The hardest problem was hallucination prevention for legal citations. Standard RAG systems will sometimes generate a response that blends retrieved content with model knowledge - acceptable for many use cases, unacceptable for legal citations. We solved this with two mechanisms: a strict system prompt that instructs the model to cite only material present in the retrieved context and to explicitly flag gaps, plus a post-generation verification step that checks every code citation in the response against the retrieved chunks. Responses with unverifiable citations are flagged for review rather than delivered.
The second challenge was keeping the knowledge base current. State statutes are amended by the legislature on an ongoing basis. We built a change detection system that tracks legislative updates published by each state and triggers re-indexing for affected code sections. The platform shows users the effective date of the statute section used in each response, so they can see exactly when the source material was last verified.
Paralegal research time on routine statute questions dropped by approximately 70%. Questions that previously required escalation to an attorney - because the paralegal could not quickly find the governing statute - are now answered directly with full citations. The firm's client response time on routine matters improved from same-day (at best) to within the hour.
The citation reliability changed the nature of the work. Previously, paralegals were cautious about sharing research with clients because they were not confident in the sourcing. With every response grounded in a specific, verifiable code section, they could share the output directly - sometimes verbatim - as the basis for a client response. Attorney review shifted from "checking the research" to "adding judgment and strategy."
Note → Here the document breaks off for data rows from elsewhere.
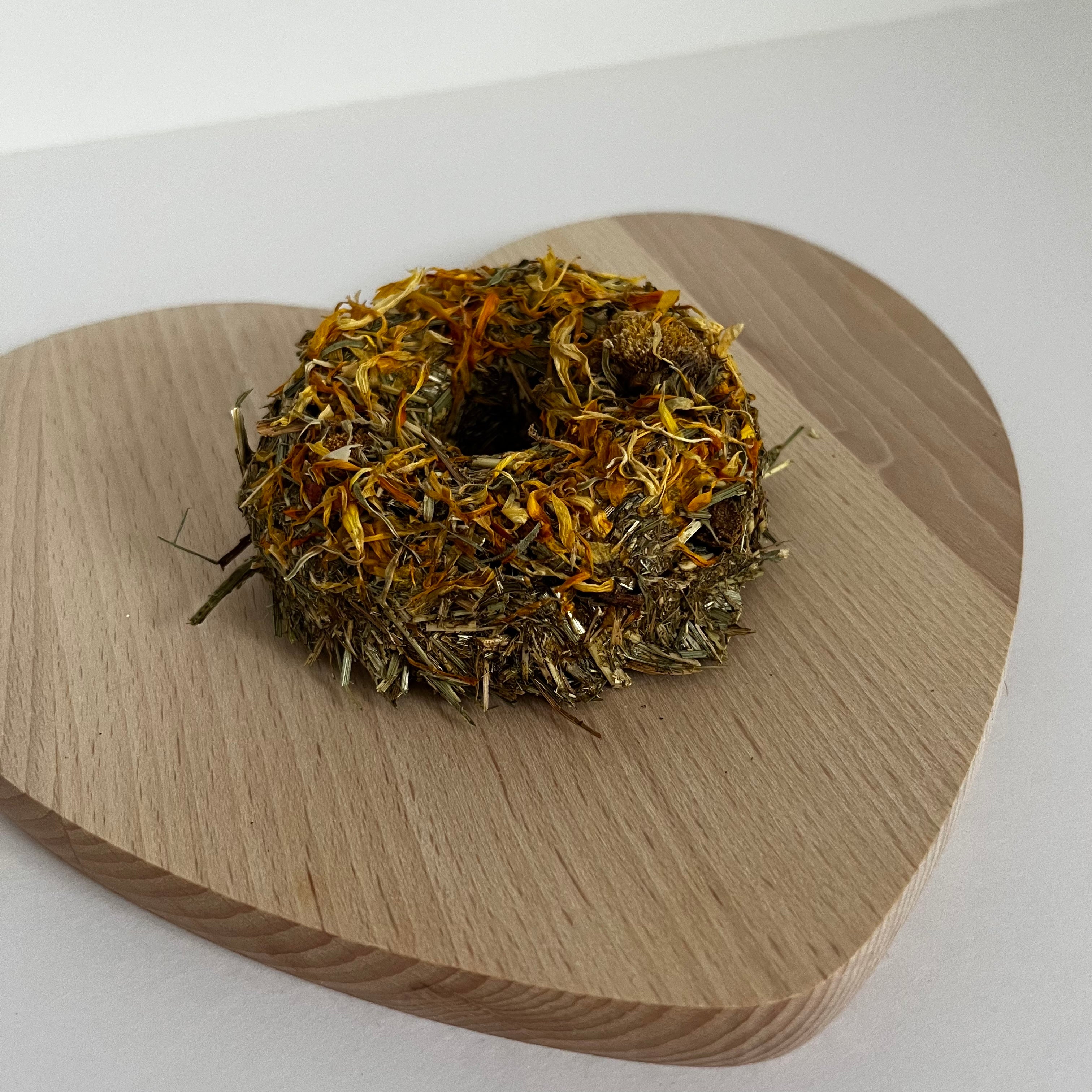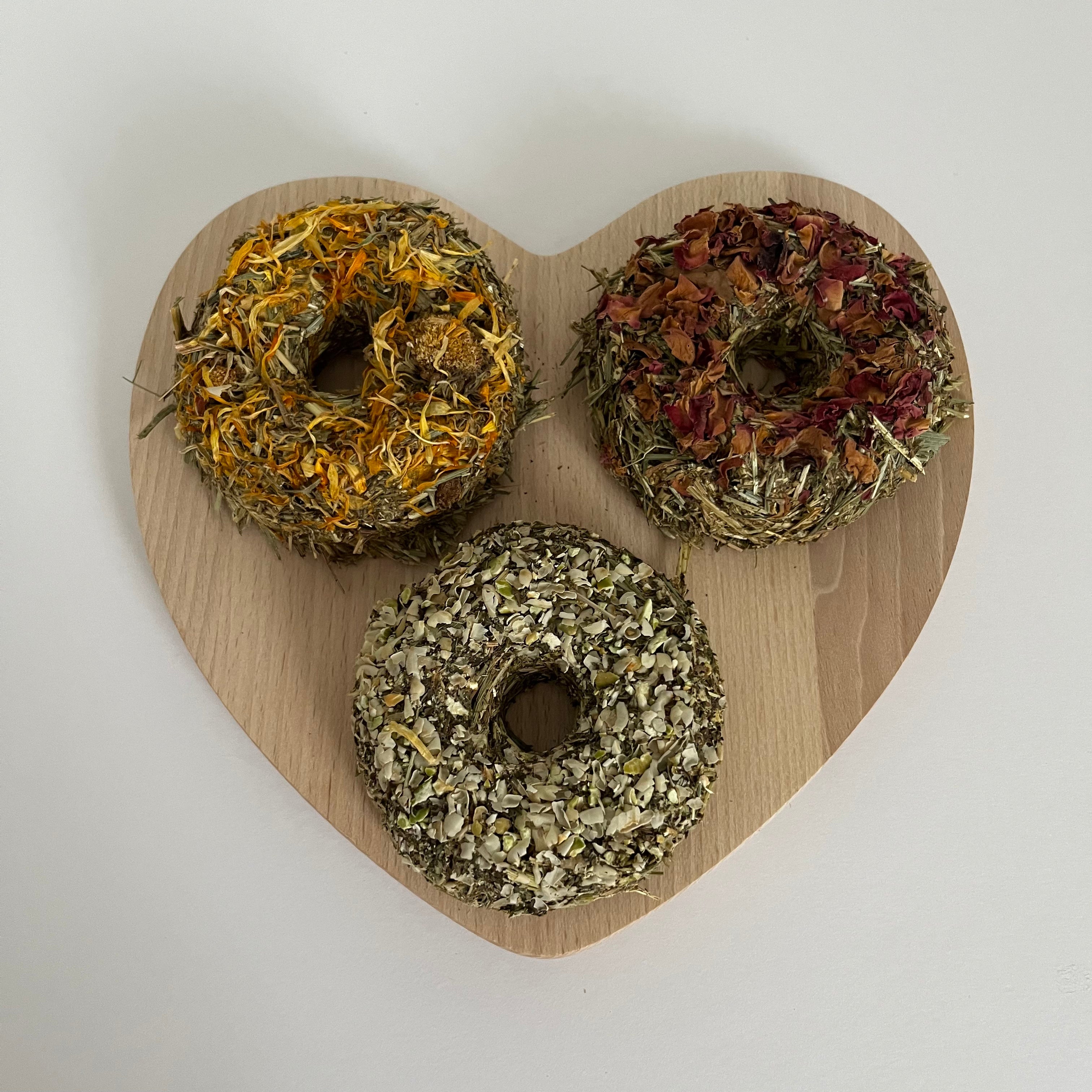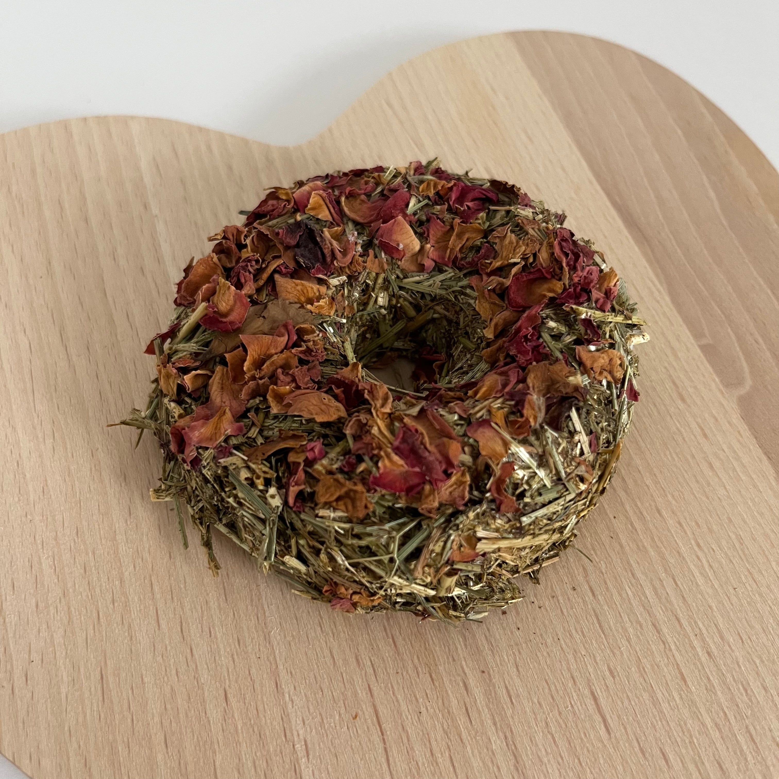Our Forage Doughnuts are a delicious and healthy snack for all small animals. Packed with 100% natural ingredients, these doughnut treats are made with a unique blend of Dried Grass, Dandelion and Nettle with your choice of 3 different toppings - Rose Petals, Chamomile and Marigold and lastly, Mint with crushed Pea Flakes.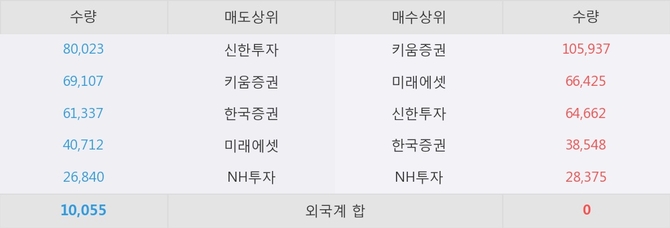 거래원 동향은 미래에셋, NH투자 등이 매도 상위 목록에 나타나고 있다.
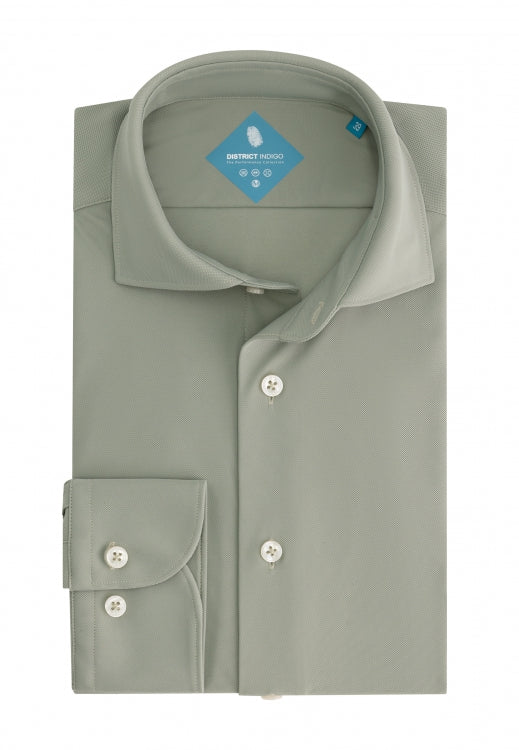 DISTRICT INDIGO SHIRT MET LANGE MOUWEN PISTACHE KLEUR
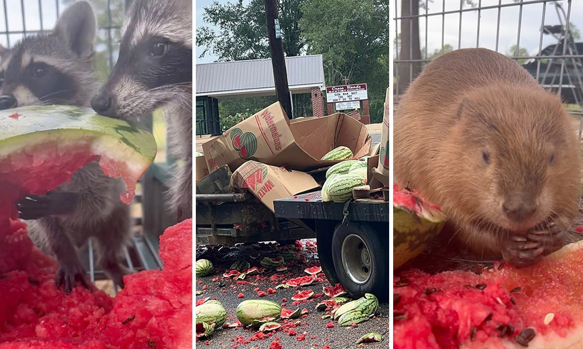 Wildlife Rescue Gets a Fresh Fruit Feast When a Truck Spills a Bunch of Watermelons
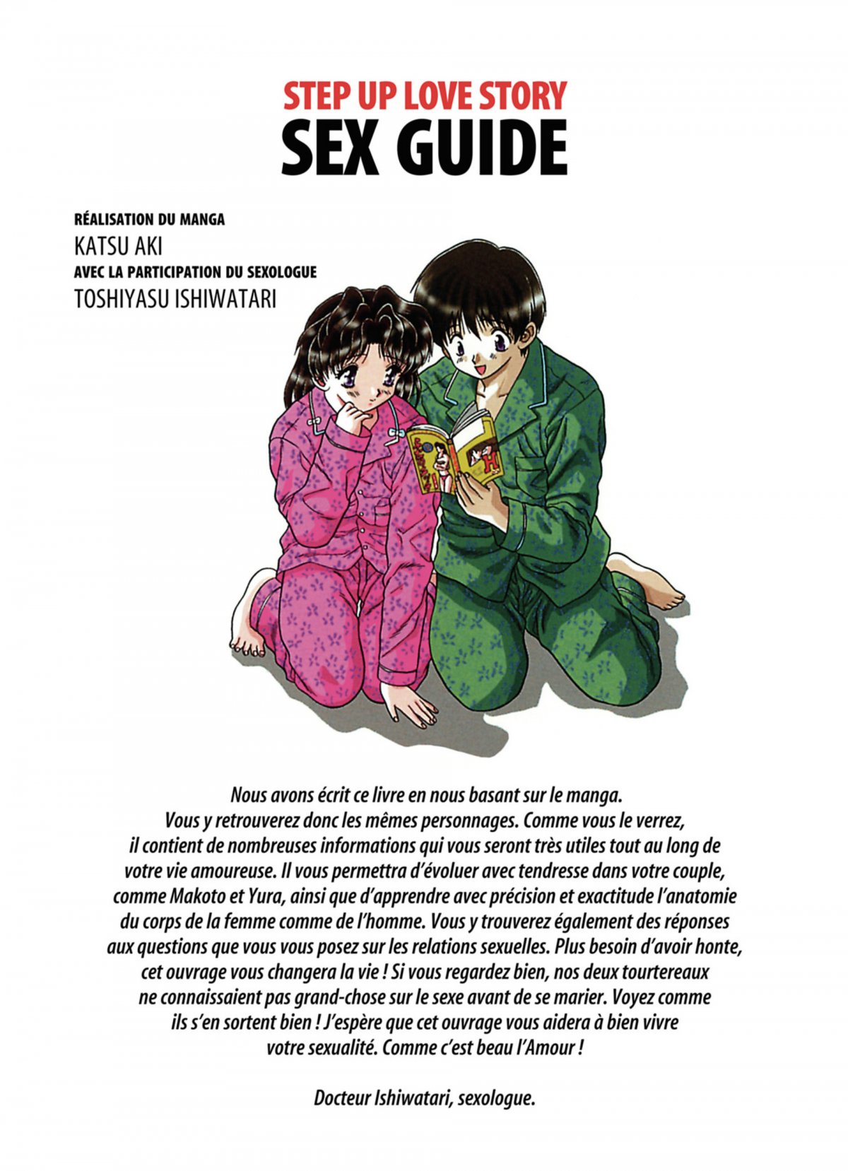 Véritable condensé des différents problèmes relationnels qui peuvent intervenir physiquement dans un couple, et des solutions s’y rapportant, le Step Up Love Story Sex Guide est un ouvrage qui regorge d’informations pratiques. Reprenant le déroulement de la relation entre Yura et Makoto, vous y découvrirez les émois de la première expérience sexuelle, l’importance des préliminaires avant l’action, la magie des contacts sensuels, profiterez de conseils pour éviter la routine ou trouver les solutions à vos problèmes, etc. Les très nombreux chapitres de l’ouvrage sont tous commentés par le Dr Toshiyasu Ishiwatari, sexologue, qui prodigue ici de façon ludique - et sans tabous - de précieux conseils. Une "bible" du sexe qui s’adresse aussi bien aux filles qu’aux garçons !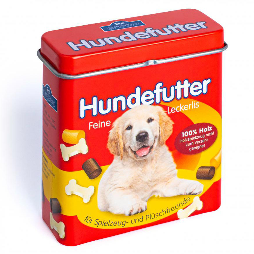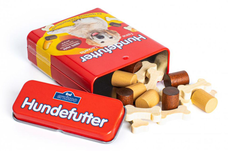 Zabawkowe przysmaki dla psa marki Erzi pozwolą nagrodzić pluszowego psiaka, gdy ten nauczy się nowej sztuczki lub po prostu będzie posłuszny. 16 drewnianych przysmaków dla psiaków w puszce sprawdzi się także podczas zabawy w sklep w celu sprzedaży właścicielom czworonogów. Przysmaki mają różne kształty i prezentują się bardzo realistycznie. Opakowanie stanowi praktyczna puszka ze zdejmowaną pokrywką.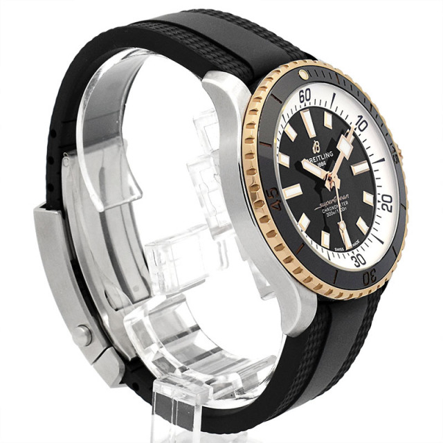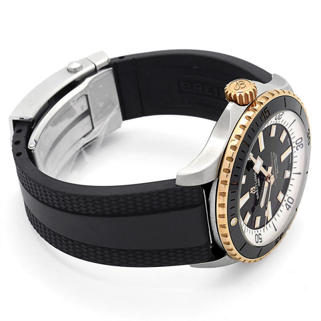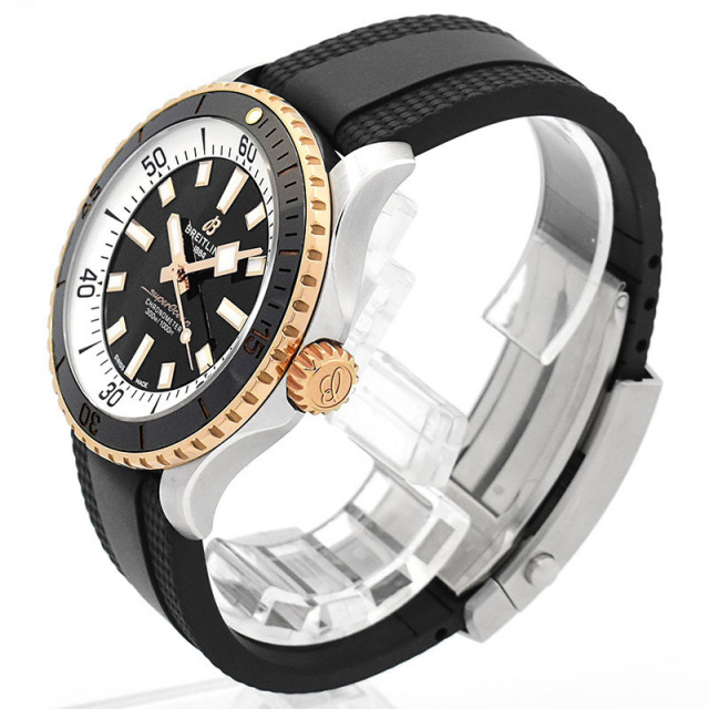歴代のスーパーオーシャンのデザインを活用した新しいスーパーオーシャンコレクションです。 こちらはレッドゴールドのベゼルとリューズが印象的で、ビジネスからカジュアルな装いまで幅広く活躍してくれるデザインです。 *ラバーベルトをカットして調整を行うモデルのため、配送での調整は対応出来ません。 |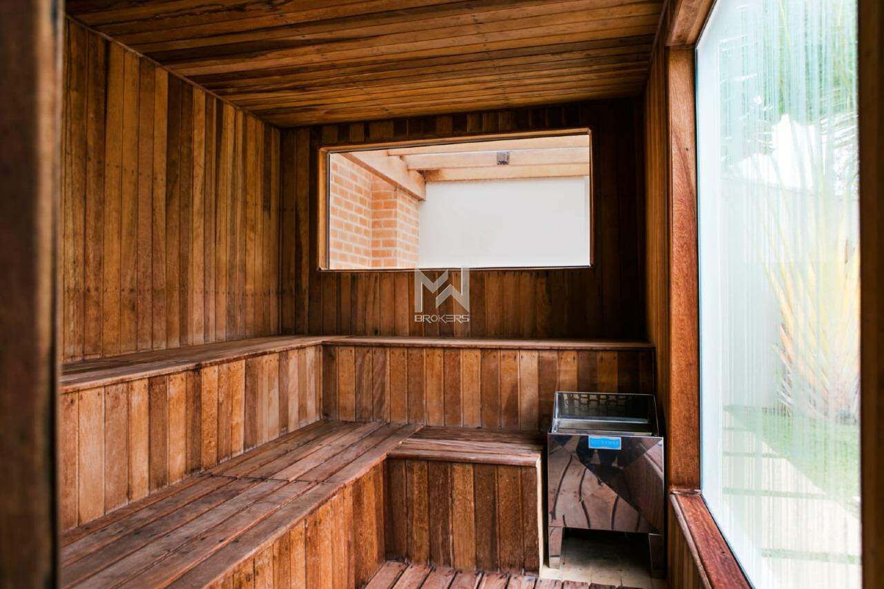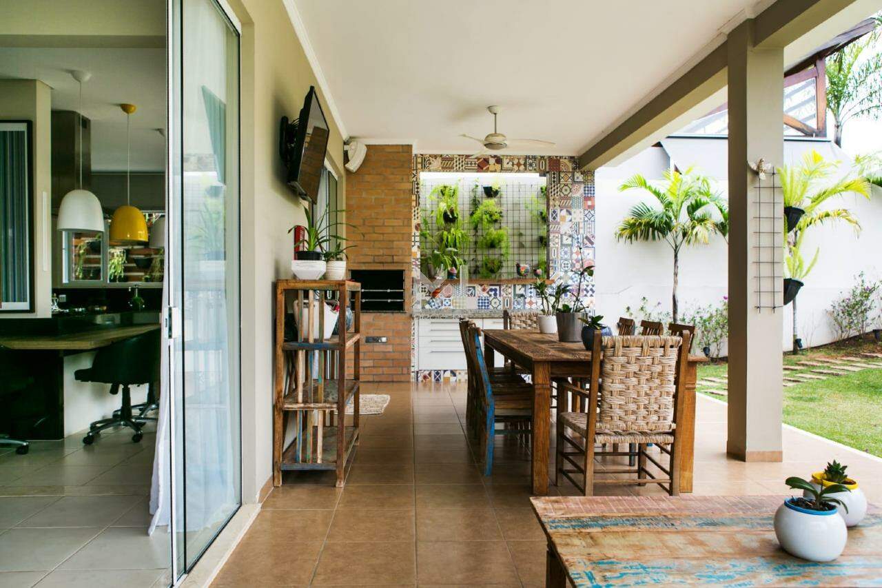 Nos fundos, varanda gourmet com churrasqueira, área gramada, piscina com prainha e edícula com espaço lounge, banheiro de apoio e sauna seca.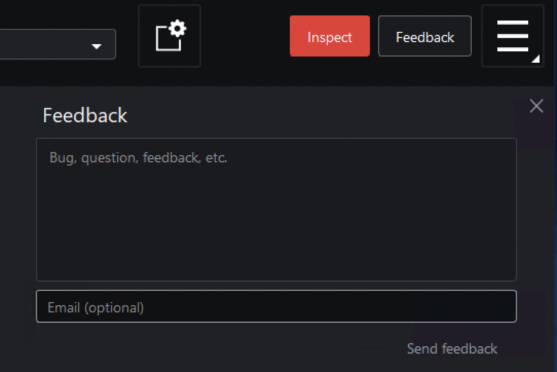 Upon clicking the button a pop-up window shows that allows the user to leave feedback within the application. The feature allows providing the given bug/question/feedback anonymously, as the email field is optional. If so requested, the email address can be added with the purpose of ensuring potential follow-ups about a specific bug or requirement.
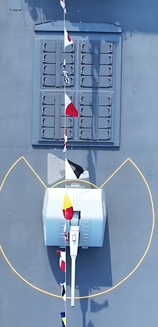 其次,054B导弹护卫舰的主炮换装了一门全新的口径为100毫米的隐身全自动速射舰炮,该炮相对于前两型054系列导弹护卫舰上使用的主炮H/PJ-26式76毫米隐身舰炮来说,单发弹丸毁伤能力更大,射程更远,并通过可能的双链路供弹设计,提高了该炮切换不同弹种时的速度,提高了其作战使用灵活性和反应速度。并且,考虑到国内制导炮弹技术在近年来的高速发展,054B导弹护卫舰上的这门新型100毫米隐身全自动速射舰炮,也可能配备了新的制导炮弹,从而,进一步增强了其自身的作战能力。

Document analysis became a new capability the firm had not previously had. Paralegals can upload lease agreements and receive an immediate analysis of how the terms interact with the relevant jurisdiction's statutory requirements - flagging clauses that may be unenforceable, missing required disclosures, or inconsistent with local law. What had been a billable task for an attorney became a 3-minute automated pre-screen.
The difference between a useful AI legal research tool and a dangerous one is grounding. Most AI tools are optimized to always provide an answer. Legal work requires a tool that knows when it does not have sufficient grounded material to answer, and says so explicitly. The investment in hallucination prevention - strict citation requirements, verification steps, explicit uncertainty handling - was not a technical formality. It was the entire basis on which the firm was willing to use the system with clients. Every implementation detail that supports that reliability is load-bearing.